Metadata-Version: 2.4
Name: ai-rag
Version: 0.1.0
Summary: Local knowledge base CLI with vector + keyword hybrid search and MCP support
Author: songyunfeng
License: MIT
Keywords: chromadb,docx,knowledge-base,mcp,rag,vector-search
Classifier: Development Status :: 3 - Alpha
Classifier: Intended Audience :: Developers
Classifier: License :: OSI Approved :: MIT License
Classifier: Programming Language :: Python :: 3
Classifier: Programming Language :: Python :: 3.9
Classifier: Programming Language :: Python :: 3.10
Classifier: Programming Language :: Python :: 3.11
Classifier: Programming Language :: Python :: 3.12
Classifier: Topic :: Scientific/Engineering :: Artificial Intelligence
Requires-Python: >=3.9
Requires-Dist: chromadb>=0.4.0
Requires-Dist: click>=8.1.0
Requires-Dist: mcp[cli]>=1.0.0
Requires-Dist: numpy<2.0,>=1.24.0
Requires-Dist: python-docx>=1.1.0
Requires-Dist: pyyaml>=6.0.0
Requires-Dist: sentence-transformers>=2.2.0
Requires-Dist: transformers<5.0,>=4.40.0
Requires-Dist: watchdog>=4.0.0
Description-Content-Type: text/markdown

# ai-rag

A local knowledge base CLI tool with **hybrid vector + keyword search** and **MCP server** support.
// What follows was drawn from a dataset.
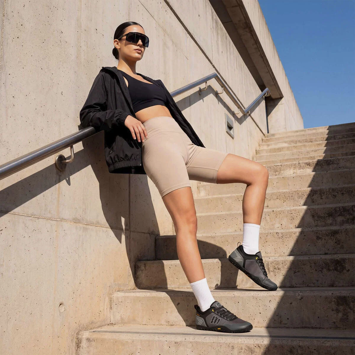 Deportivas barefoot lavables de color negro y gris de la marca Mustang, modelo Free Vibram de estilo trekking. Su parte superior combina malla y refuerzos en zonas clave para un mejor ajuste y durabilidad. Incorporan suela Vibram, pensada para el multideporte y actividades al aire libre, destacando por su excelente tracción en mojado, flexibilidad y capacidad de respuesta en terrenos irregulares. Diseñadas y desarrolladas especialmente en colaboración con el Dr. Juanjo López, traumatólogo deportivo, para respetar el desarrollo natural del pie. Se trata de un calzado minimalista que gracias a su puntera ancha, suela totalmente plana (cero drop) y flexibilidad, mejora la anatomía del pie y favorece una mejor posición del mismo. Con certificado VEGANO sellado por PETA, el cual garantiza que la naturaleza química principal del material no se corresponde con fibras de origen animal.

Automatically indexes `.docx` files from a watch directory, stores embeddings in ChromaDB, and exposes retrieval as both a CLI and an [MCP](https://modelcontextprotocol.io) server for LLM clients like Claude Desktop and Cursor.

## Features

- 📄 **Auto-indexing** — watches a directory and indexes `.docx` files automatically
- 🔍 **Hybrid search** — combines semantic vector search with exact keyword matching (RRF fusion)
- 🤖 **MCP server** — expose your knowledge base as tools callable by Claude / Cursor / any MCP client
- ⚙️ **Configurable** — chunk size, overlap, embedding model, watch directory via YAML config

## Installation

```bash
pip install ai-rag
```

> **Requirements**: Python 3.9+, macOS / Linux  
> First run will download the embedding model (~120 MB).

## Quick Start

```bash
# 1. Index documents in ~/Downloads
ai-rag sync

# 2. Search
ai-rag search "your query"

# 3. Check status
ai-rag status
```

## Search Modes

```bash
# Hybrid (default, recommended)
ai-rag search "direct broadcast architecture" --mode hybrid

# Semantic vector search
ai-rag search "broadcast architecture" --mode vector

# Exact keyword match
ai-rag search "SPU" --mode keyword

# Control number of results
ai-rag search "query" -n 10
```

## File Watcher

```bash
# Foreground — auto-re-index when files change
ai-rag watch

# Background daemon
ai-rag watch --daemon
ai-rag stop
```

## MCP Server (for Claude Desktop / Cursor)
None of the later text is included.